→ Supplied records:
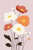 Een stijlvolle minimalistische illustratie van klaprozen in warme aardetinten en wit tegen een zacht lila achtergrond. De bloemen zijn elegant gestileerd met een moderne twist, waarbij de eenvoudige vormen en het uitgekiende kleurenpalet zorgen voor een rustgevende maar toch krachtige compositie die perfect past in een hedendaags interieur.
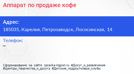 Аппарат по продаже кофе по адресу 185035, Карелия, Петрозаводск, Лососинская, 14 в дальнейшем Организация, размещена в следующих категориях:
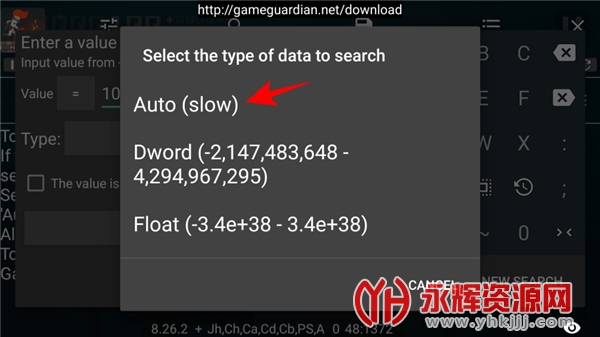 7、或者可以选择Auto 让GG 修改器自己搜寻游戏内可以修改的参数。
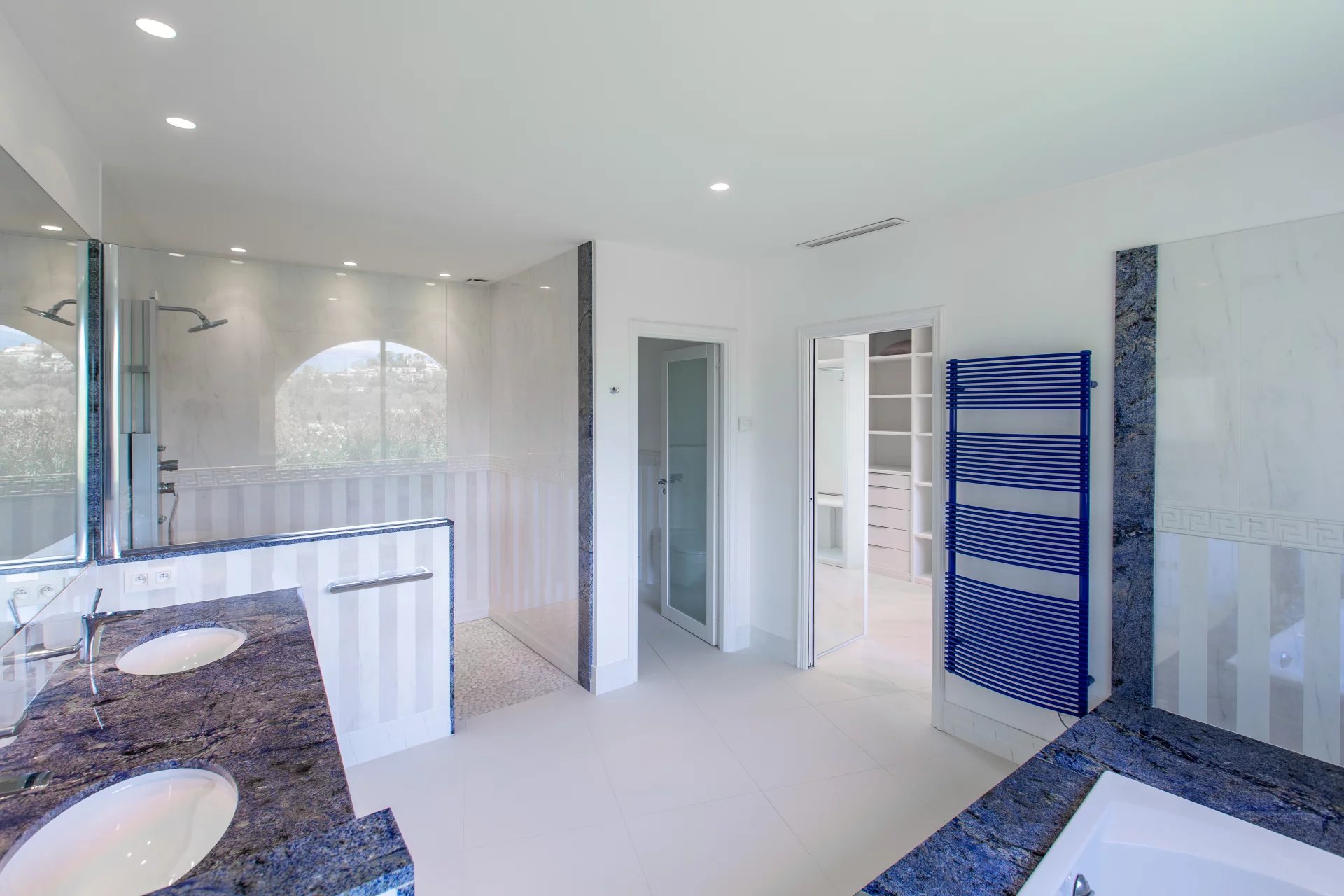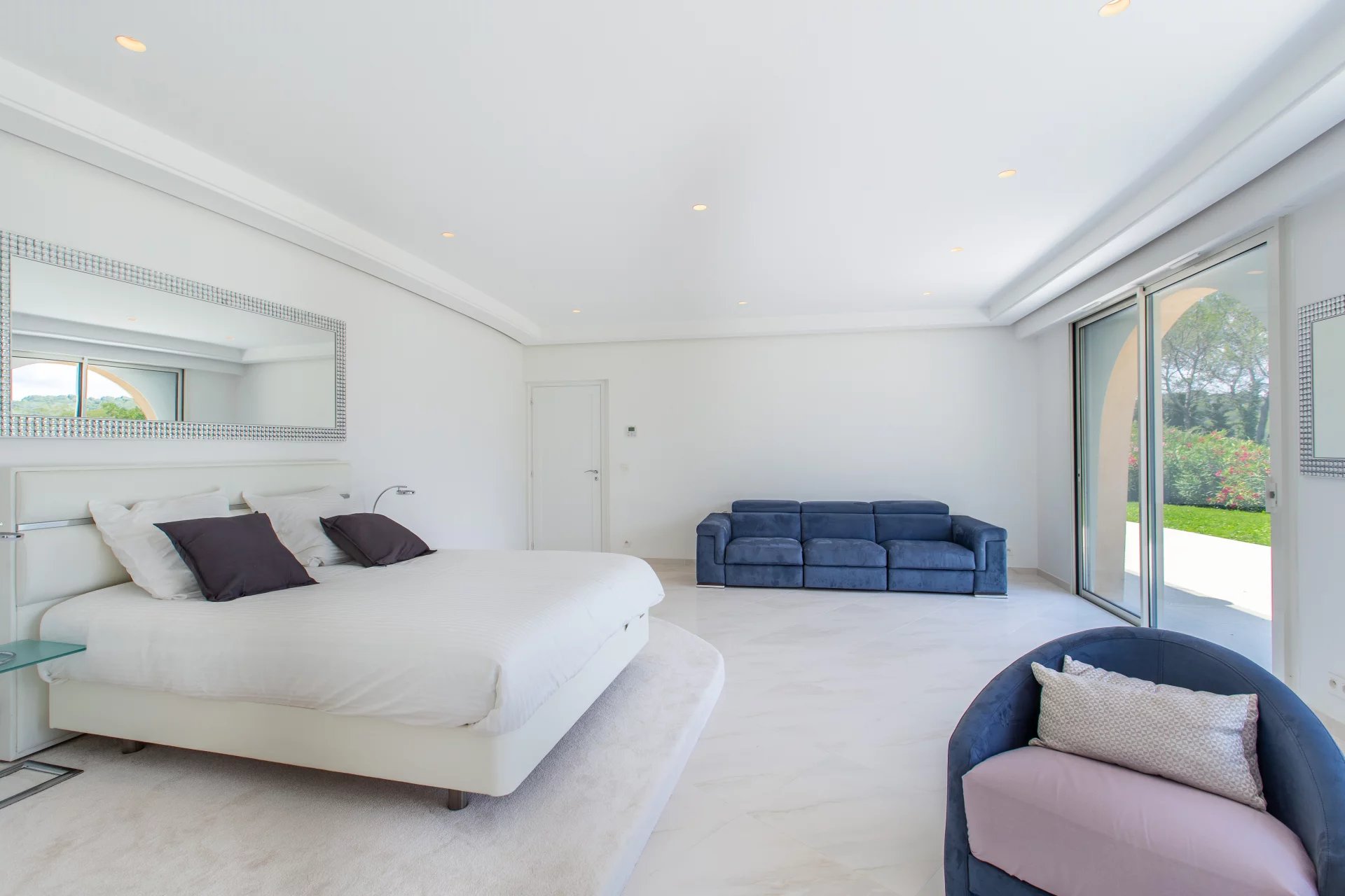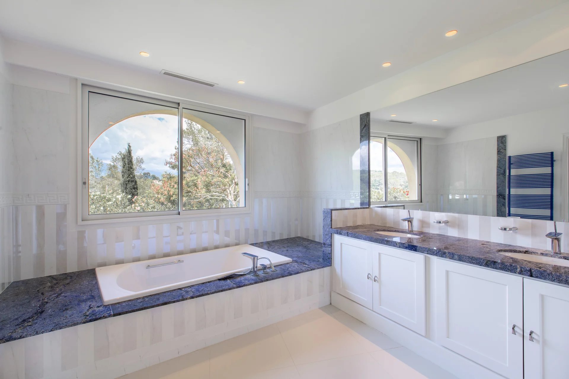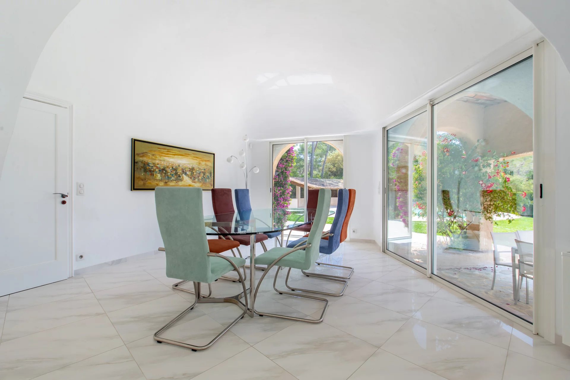Située dans un environnement résidentiel prisé et calme, à quelques minutes de Mougins et Mouans-Sartoux, cette villa de prestige de 540 m² offre une vue panoramique sur le Château de Castellaras et s’étend sur un parc paysager d’un hectare avec piscine, jacuzzi et pool-house. Bâtie dans un style provençal élégant et entièrement entretenue, la propriété se compose de deux niveaux indépendants reliés par deux escaliers intérieurs, permettant la création de trois logements autonomes. Elle comprend un vaste séjour lumineux avec cuisine ouverte, 8 chambres dont plusieurs suites avec salle de bains et dressing, une salle de sport, une buanderie, ainsi qu’une dépendance aménagée. À l’extérieur, les terrasses plein sud, les jardins fleuris et le calme absolu offrent un cadre de vie exceptionnel. Double garage, nombreux stationnements et prestations haut de gamme : climatisation, cheminée, stores électriques, éclairage extérieur. Idéale pour une grande famille ou une résidence secondaire de prestige. Prix : 3.890.000 € – Honoraires à la charge du vendeur Informations sur les risques : georisques.gouv.fr
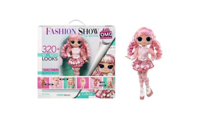 Maak kennis met de LOL Surprise OMG Fashion Show Style Edition! Deze OMG-modepoppen maken graag stijlvol plezier met hun vriendinnen en laten zien wie ze zijn op de catwalk. LaRose is fenomenaal, fantastisch en klaar voor haar modetransformaties! Ze heeft jouw hulp nodig om op de cover van het tijdschrift Fashion B.B. te komen. Creëer 320+ looks voor op de catwalk met de transformerende mode van LaRose! Maak jij haar lange rok korter, keer je hem om voor een andere kleur of doe je allebei? Zoek je vibe en laat die catwalk oplichten! LaRose heeft een heel mooi gezichtje, perfect gestyled haar en beweegbare ledematen voor heel veel houdingen. Elke LOL Surprise OMG Fashion Show Style Edition-pop is inclusief transformerende mode, glamoureuze accessoires, kledinghanger, poppenstandaard, haarborstel en paspop! Wordt geleverd in window box. Geschikt voor kinderen vanaf 4 jaar.
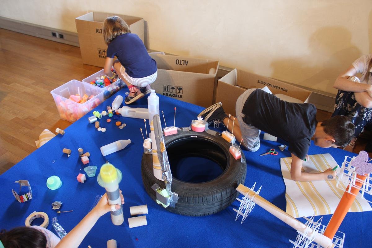 Andrea Anastasio accoglie i visitatori con Un mondo assieme , un palcoscenico di oggetti comuni in attesa di prendere nuova vita. Qui tutto è in potenza, tanto che modellini di barche fatte di cucchiaini si accompagnano a futuristiche navicelle e tavoli volanti.
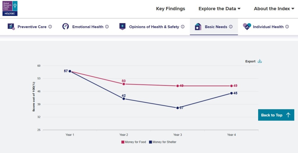 Данные по базовым потребностям основываются на способности женщин обеспечивать эти потребности за последние 12 месяцев, включая возможность купить еду для своей семьи и обеспечить ее жильем.
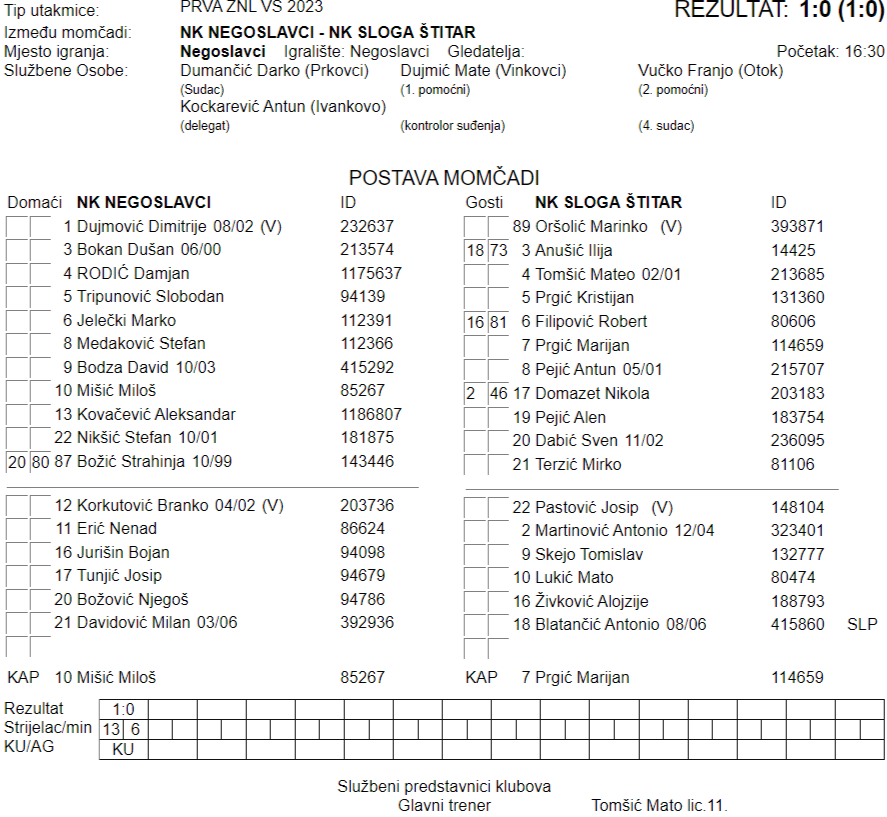 | 19 | 02.04.2023 16:30 | Negoslavci | NK Negoslavci – NK Sloga Štitar | 1:0 |
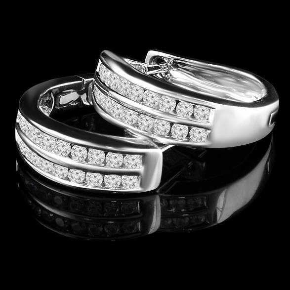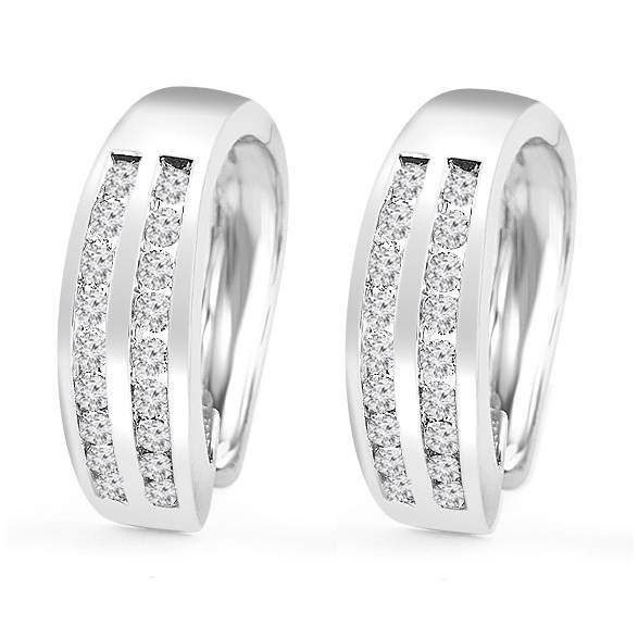 Round Cut Diamond Multi-Stone 2-Row Huggie Hoop Channel-Set Earrings in White Gold - #HE2046-W
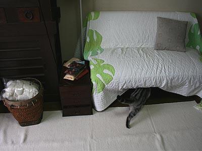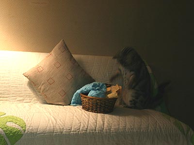 ちょっとした気まぐれで編み始めた椅子の上の水色の物の他に・・
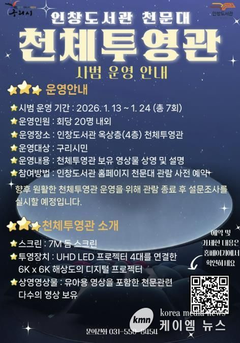 (케이엠뉴스) 구리시는 오는 1월 13일부터 24일까지 인창도서관 옥상에 설치된 천체투영관의 시범운영을 실시한다고 밝혔다.

→ Problem description:
No picture belongs in the answer; the rest of the records must be repeated exactly.

→ Response for this exercise:
 Een stijlvolle minimalistische illustratie van klaprozen in warme aardetinten en wit tegen een zacht lila achtergrond. De bloemen zijn elegant gestileerd met een moderne twist, waarbij de eenvoudige vormen en het uitgekiende kleurenpalet zorgen voor een rustgevende maar toch krachtige compositie die perfect past in een hedendaags interieur.
 Аппарат по продаже кофе по адресу 185035, Карелия, Петрозаводск, Лососинская, 14 в дальнейшем Организация, размещена в следующих категориях:
 7、或者可以选择Auto 让GG 修改器自己搜寻游戏内可以修改的参数。
Située dans un environnement résidentiel prisé et calme, à quelques minutes de Mougins et Mouans-Sartoux, cette villa de prestige de 540 m² offre une vue panoramique sur le Château de Castellaras et s’étend sur un parc paysager d’un hectare avec piscine, jacuzzi et pool-house. Bâtie dans un style provençal élégant et entièrement entretenue, la propriété se compose de deux niveaux indépendants reliés par deux escaliers intérieurs, permettant la création de trois logements autonomes. Elle comprend un vaste séjour lumineux avec cuisine ouverte, 8 chambres dont plusieurs suites avec salle de bains et dressing, une salle de sport, une buanderie, ainsi qu’une dépendance aménagée. À l’extérieur, les terrasses plein sud, les jardins fleuris et le calme absolu offrent un cadre de vie exceptionnel. Double garage, nombreux stationnements et prestations haut de gamme : climatisation, cheminée, stores électriques, éclairage extérieur. Idéale pour une grande famille ou une résidence secondaire de prestige. Prix : 3.890.000 € – Honoraires à la charge du vendeur Informations sur les risques : georisques.gouv.fr
 Maak kennis met de LOL Surprise OMG Fashion Show Style Edition! Deze OMG-modepoppen maken graag stijlvol plezier met hun vriendinnen en laten zien wie ze zijn op de catwalk. LaRose is fenomenaal, fantastisch en klaar voor haar modetransformaties! Ze heeft jouw hulp nodig om op de cover van het tijdschrift Fashion B.B. te komen. Creëer 320+ looks voor op de catwalk met de transformerende mode van LaRose! Maak jij haar lange rok korter, keer je hem om voor een andere kleur of doe je allebei? Zoek je vibe en laat die catwalk oplichten! LaRose heeft een heel mooi gezichtje, perfect gestyled haar en beweegbare ledematen voor heel veel houdingen. Elke LOL Surprise OMG Fashion Show Style Edition-pop is inclusief transformerende mode, glamoureuze accessoires, kledinghanger, poppenstandaard, haarborstel en paspop! Wordt geleverd in window box. Geschikt voor kinderen vanaf 4 jaar.
 Andrea Anastasio accoglie i visitatori con Un mondo assieme , un palcoscenico di oggetti comuni in attesa di prendere nuova vita. Qui tutto è in potenza, tanto che modellini di barche fatte di cucchiaini si accompagnano a futuristiche navicelle e tavoli volanti.
 Данные по базовым потребностям основываются на способности женщин обеспечивать эти потребности за последние 12 месяцев, включая возможность купить еду для своей семьи и обеспечить ее жильем.
 | 19 | 02.04.2023 16:30 | Negoslavci | NK Negoslavci – NK Sloga Štitar | 1:0 |
 Round Cut Diamond Multi-Stone 2-Row Huggie Hoop Channel-Set Earrings in White Gold - #HE2046-W
 ちょっとした気まぐれで編み始めた椅子の上の水色の物の他に・・
 (케이엠뉴스) 구리시는 오는 1월 13일부터 24일까지 인창도서관 옥상에 설치된 천체투영관의 시범운영을 실시한다고 밝혔다.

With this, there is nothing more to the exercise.